I sent out almost 200 letters to raise funds for the second half of the program. I sent them to everyone that I knew. I was desperate. There was no way I wanted to go back home. I also liked it there. I didn’t realize that I was brainwashed until much later. I really liked what I did and I worked hard. I really wanted to be accepted back for the leadership training. I had heard so many stories of God coming through for people who didn’t have the money. Things like random donors and such. I was praying hard and hoping for the best. Out of 200 letters I raised $100. I needed $3500. Yeah. It sucked. They ended up letting me stay anyway. I guess the main guy felt that I wasn’t finished and needed to be there. I was also beginning to open up about my abuse. Once again I was given the whole forgiveness spiel. The monkey was still on my back. “Give it to the Lord,” they’d say so I did. At least I thought I did. There was the whole notion that “God doesn’t give you anything you can’t handle,” and “it isn’t that he didn’t stop it but that he allowed it to make you a stronger person!” Well, I certainly wasn’t a strong person. I was a scared, scarred, and broken little girl. I just wanted someone to rescue me. When I was little, I would have dreams of being kidnapped because being kidnapped might have been better than what I had.
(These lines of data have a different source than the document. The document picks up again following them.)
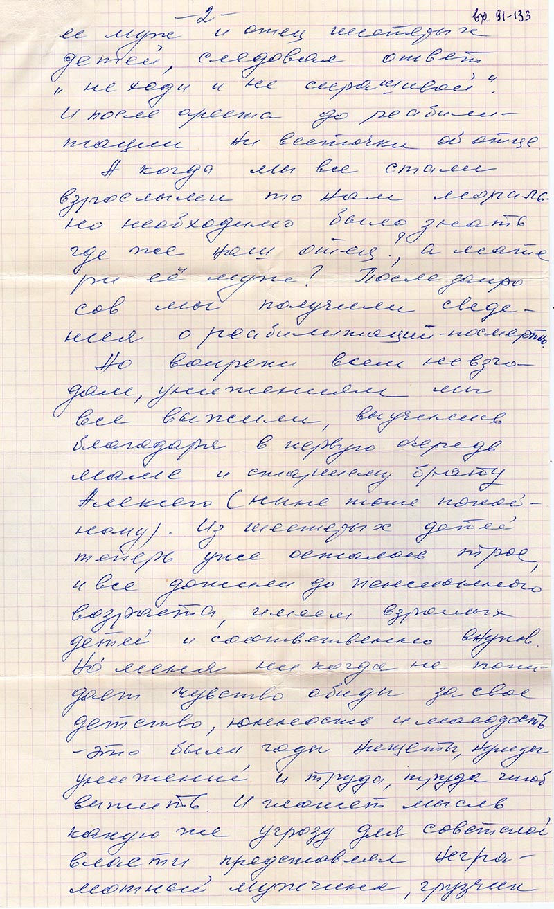А когда мы все стали взрослыми то нам морально необходимо было знать где же наш отец?а матери её муж? После запросов мы получили сведения о реабилитации посмертно.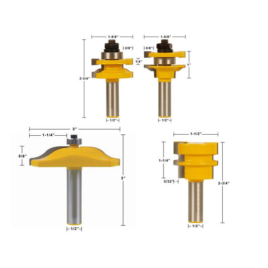 Ogee 4 Bit 1/2" Shank Raised Panel Cabinet Door Router Bit Set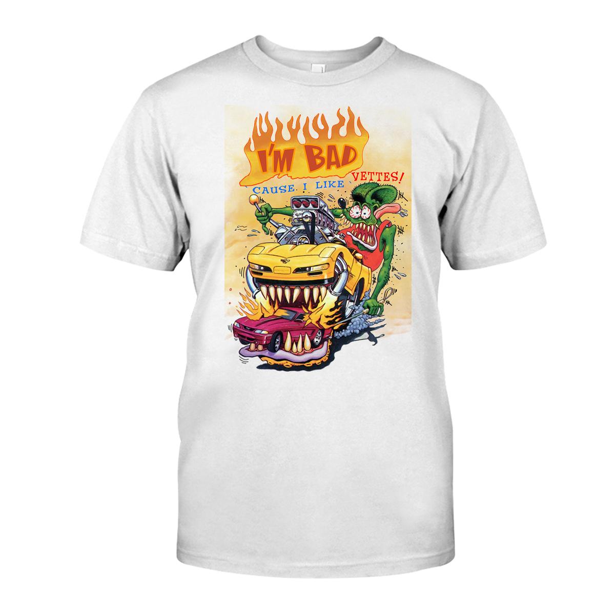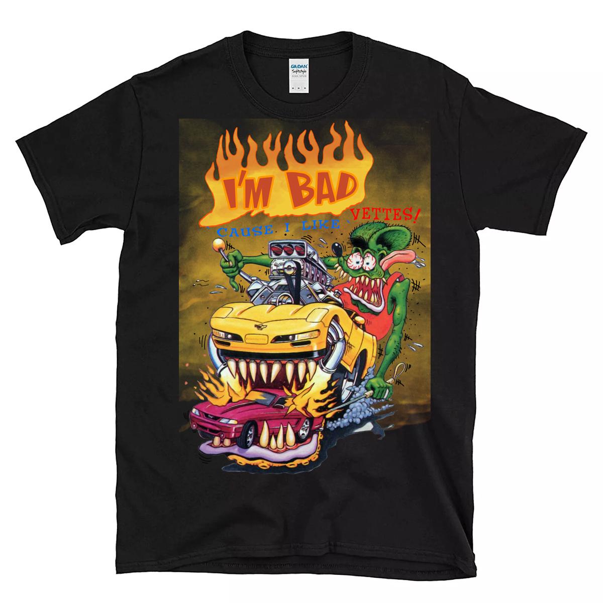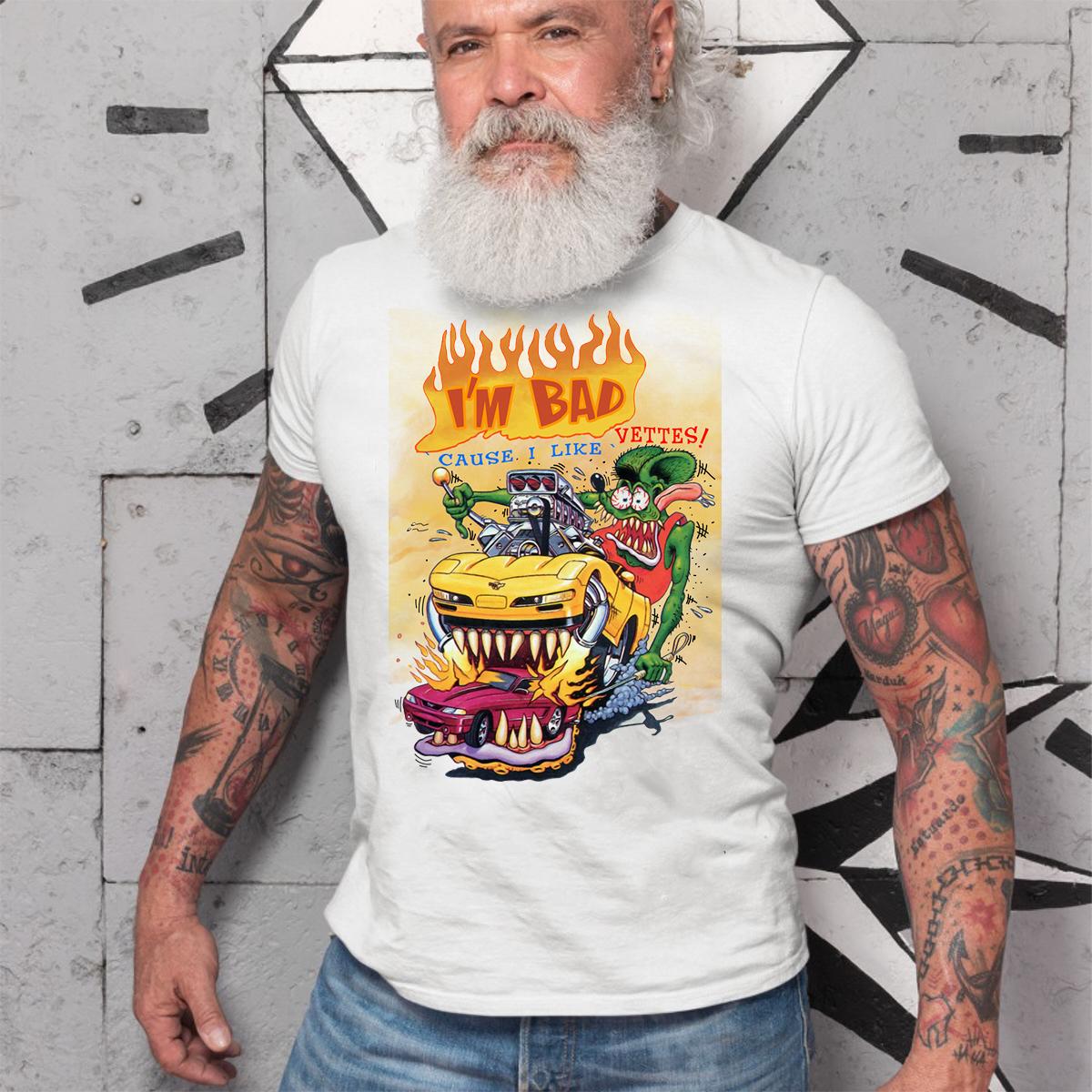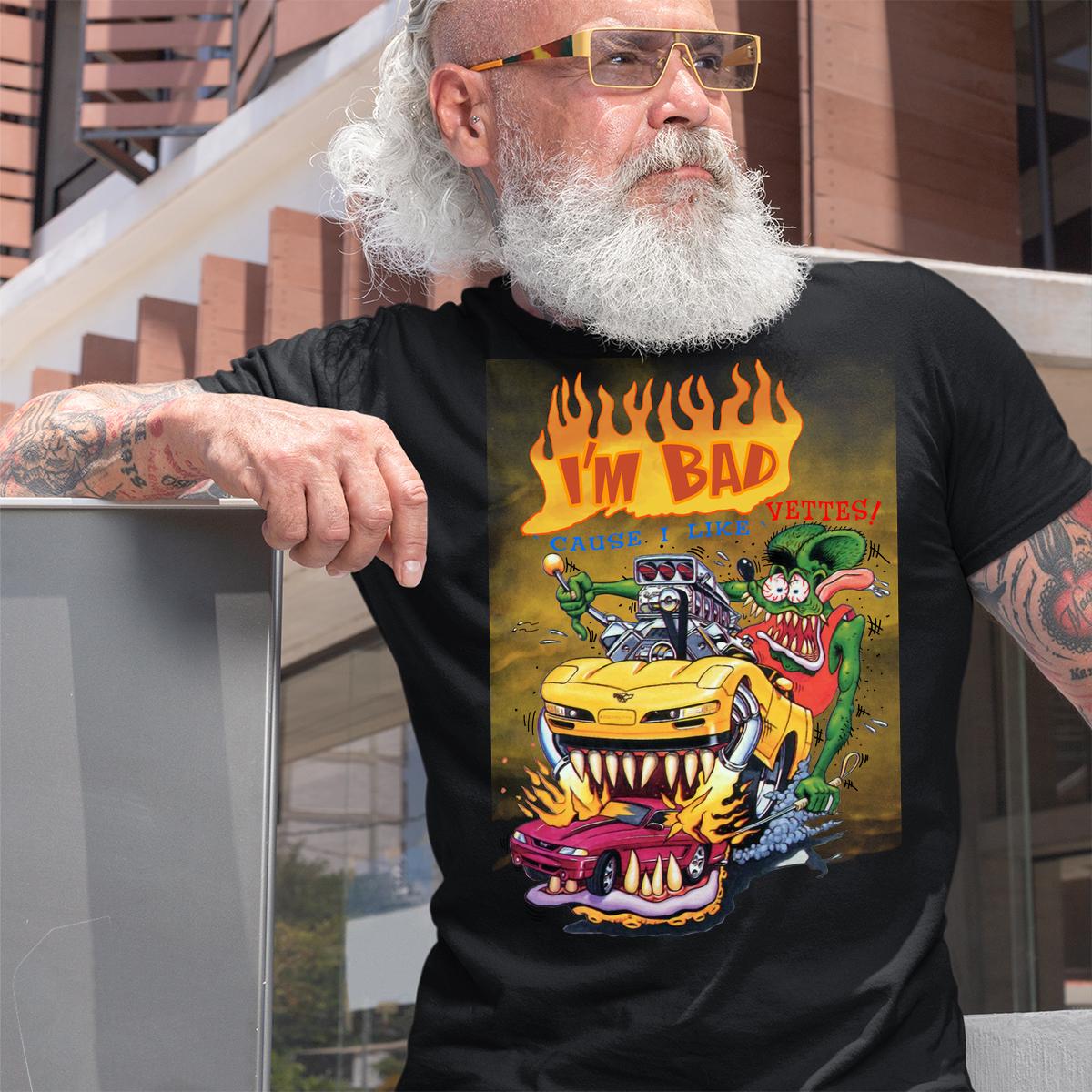 Own the streets with the Ratfink, I Am Bad ‘Cause I Like Vettes T-shirt – a full-throttle mix of muscle, metal, and wild rebellion. Inspired by underground garage art and the raw spirit of classic hot rods, this tee is made for gearheads, rebels, and true Kustom Kulture warriors. Whether you’re wrenching in the garage or tearing up the streets, it delivers bold attitude, fearless style, and authentic hot rod energy every time.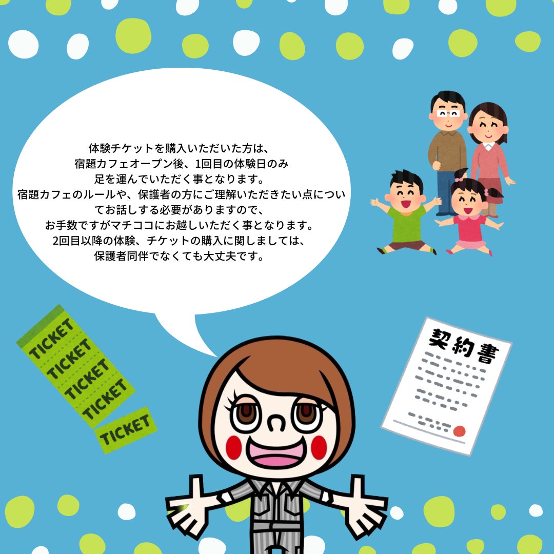 体験チケットを購入いただいた保護者の方には、実際に1回目のチケット利用日にマチココにお越しいただく必要がございます。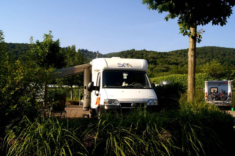 Na nog een uurtje rijden langs vele mooie binnenwegen, komen we zonder het te weten uit bij de Moezel. Hier vinden we in Bremm aan de Moezel een hele mooie camperplaats, waar we dan ook gaan staan.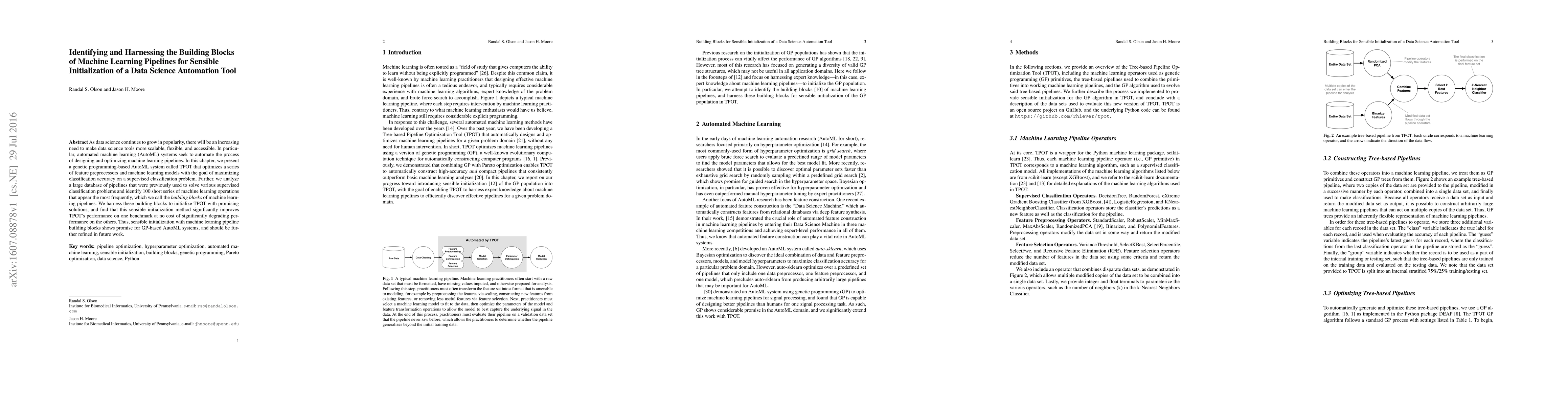 This paper introduces TPOT, a genetic programming-based AutoML system that optimizes machine learning pipelines for classification tasks. It identifies 100 frequently occurring "building blocks" from a large database of previous pipelines, using these to initialize TPOT, which significantly enhances its performance on one benchmark.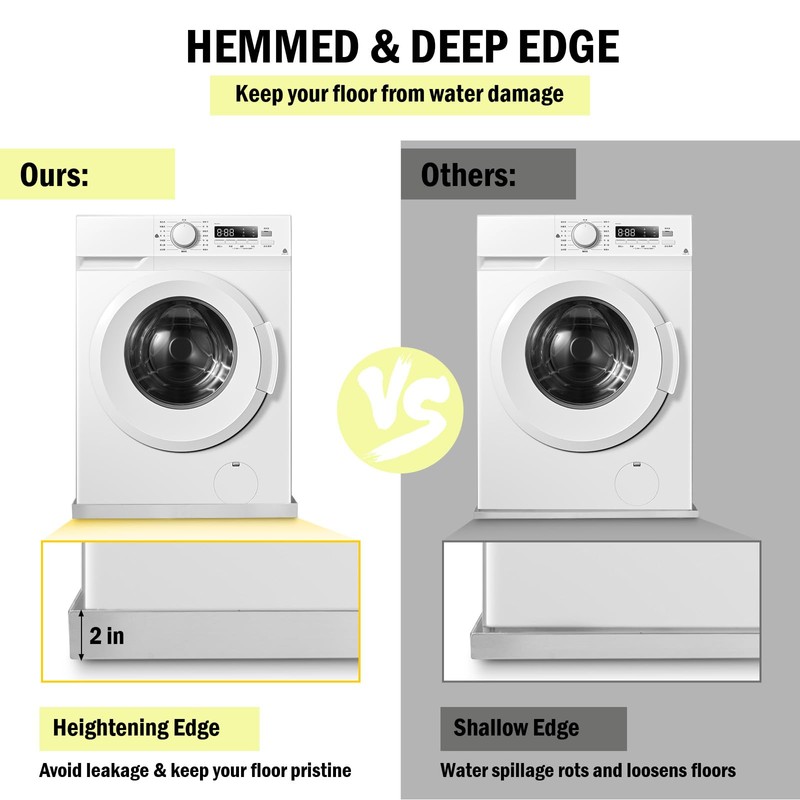 - Built to Last: Maintain a clean and keep laundry room clean and dry with our robust washing machine drip pan. Our heavy-duty drip tray is engineered to capture water leaks and prevent floor damage. Constructed from premium-grade stainless steel, this drip pan is not only sturdy enough to support the weight of your washing machine but also easy to maintain.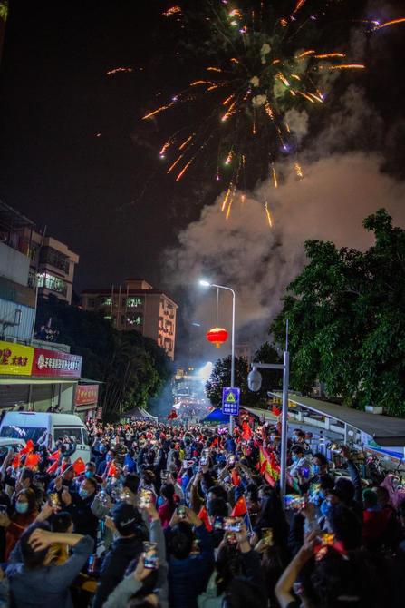 ▲1月26日零点,罗湖区清水河街道鹤围村31栋至92栋解除风控,58栋、64栋两区域由中风险地区调整为低风险地区,居民们欢呼庆祝。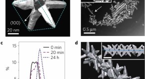 Monodisperse octapod-shaped inorganic nanocrystals suspended in suitable solvents are shown to self-assemble into chains of interlocked octapods, which in turn aggregate to form three-dimensional crystals. Such hierarchical self-assembly is supported by a simulation model of the octapods, which shows that the favourable interlocked configuration is encoded in the octapod’s shape.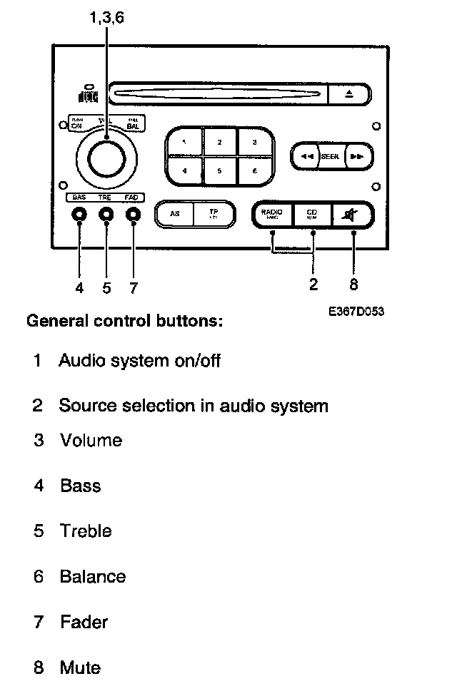 The audio system is turned on/off by pressing the volume control knob. When switched on, the system starts with the last settings that were active.
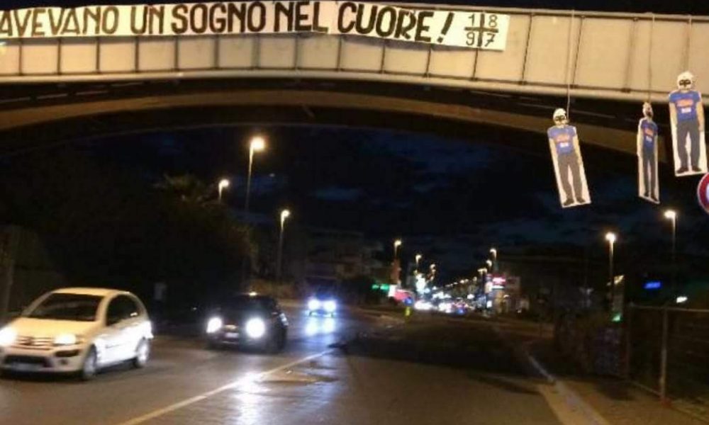 Infatti, pare che alcuni tifosi della Juventus, per sbeffeggiare i rivali napoletani, abbiano calato tre manichini con tanto di maglia del Napoli e maschera di pulcinella simulando la loro impiccagione. Inoltre campeggia anche uno striscione che recita: “Avevano uno striscione nel cuore!“.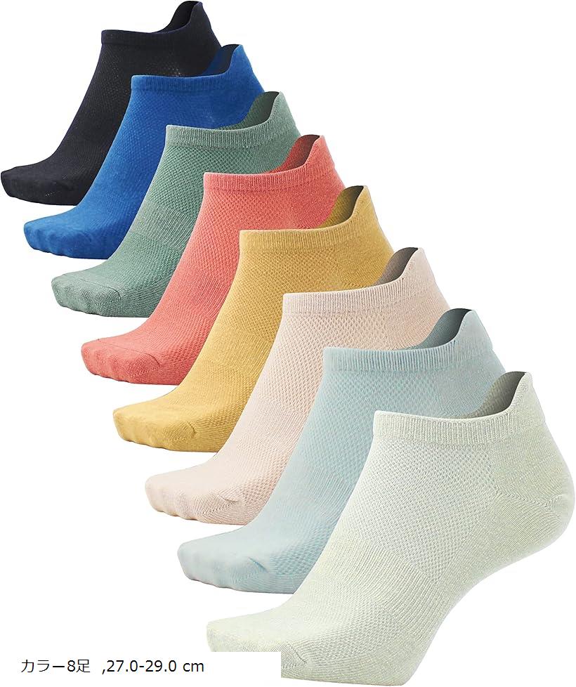 - 靴下 メンズ くるぶし 夏用 薄い 大きいサイズ スニーカーソックス メッシュ 脱げない 8足セット 黒8足 25.0-27.0 cm 4色8足 カラー8足 27.0-29.0 cm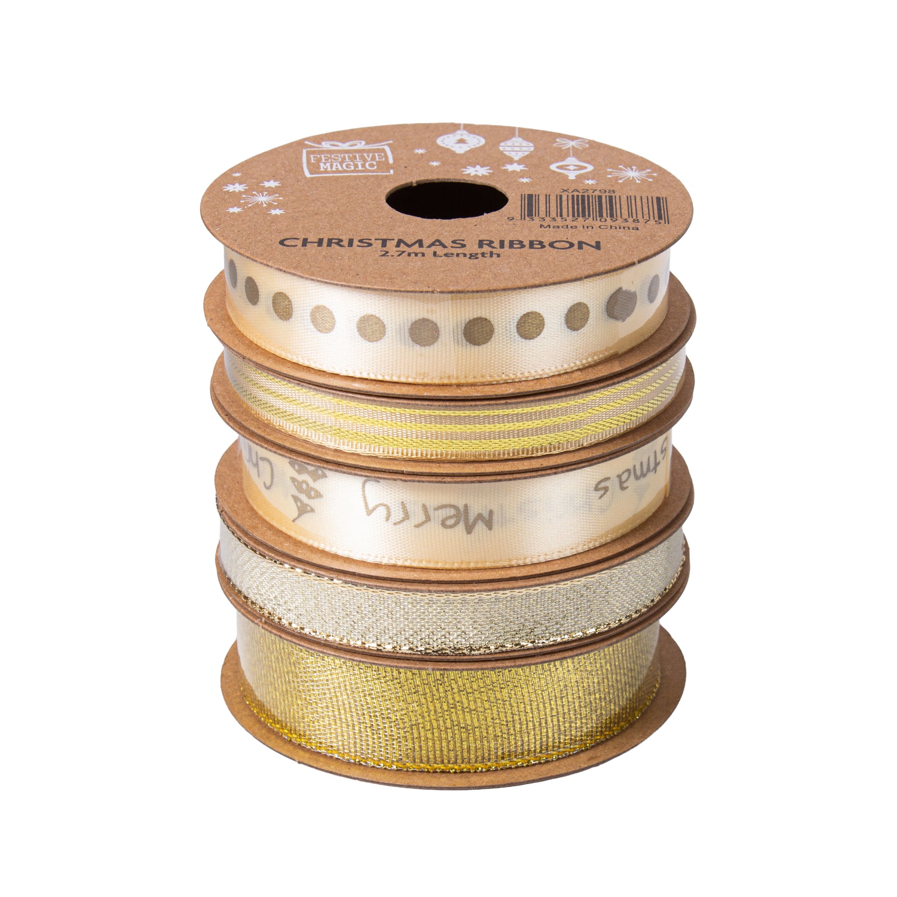 Add elegance and festive color to your Christmas gifts with this set of 5 beautiful ribbons, each measuring 2.7m. Perfect for gift wrapping, home décor, crafts, wreaths, and holiday DIY projects.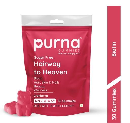 Name: Gummies Biotin Sugar Free Cranberry Flavour Gummy for Hair Growth, Nails, & Skin, 1 daily (30 No) Brand: Purna Gummies Form: Gummies Net Quantity (N): 30 Quantity: 250-499mg Shelf life (Best Before): 18 Months Type: Hair Skin Nail Veg/NonVeg: Veg Biotin is a powerful B-vitamin, supports in fatty acid production, which jump-starts sustainable hair and nail growth and skin regeneration. Purna Biotin Gummies are vegan friendly, shelf life stable and convenient. Biotin supports in cell growth. Cells grow at a consistent rate if the body is functioning with the right nutrients. As we age, our cell proliferation and metabolism decreases due to stress, diet, and exercise. An increased amount of Biotin that the body’s cells receive helps hair growth. When supplementing with Purna Biotin Gummies in the body, you can expect cell proliferation to increase and see healthier hair, skin, and nails! Country of Origin: India

As a teenager, I contemplated suicide because I thought I would never get away from the madness that was my family.
This ministry program was really whack, though. I was having sexual issues stemming from my abuse and instead of lending me some support and help I was subjected to torturous preaching. These people would preach about not masturbating and controlling your thoughts. That’s not so easy for someone who was force-fed pornography for 10 years. This stuff was ingrained in my brain. It felt like I had a reel or porn going through my mind 24/7. It was always like that. I wanted it to stop. I wanted to not think of sex for 5 minutes but I couldn’t. Whenever I would try to talk to someone about it, I was just told to pray about it. Well folks, prayer didn’t work. Those thoughts never went away and I was tortured with them day and night. Now I’m being told that Jesus isn’t in my heart because I am “unclean” and might not be really saved. This was depressing. I knew it was pointless talking to anyone about it because nobody cared to listen. I wasn’t lucky enough to get into the “cool kids club” so nobody in leadership even gave a crap about me. I was hoping to get some healing while I was there but that didn’t happen. The end of the year came and I did not get accepted back. I collapsed in tears. This meant that I had to move back home. I really wanted to stay in Arizona. I loved it there. The only thing that was said to me was “You just aren’t a leader.”
I made friends there that I thought would last a lifetime. I really wanted to spend some time with them the night of graduation since I was leaving the next day. My mother got upset because she had driven all the way there and wanted to spend time with me. I didn’t get to say goodbye to really anyone. Not a big deal now. Nobody ever returned my phone calls or emails. Some friends.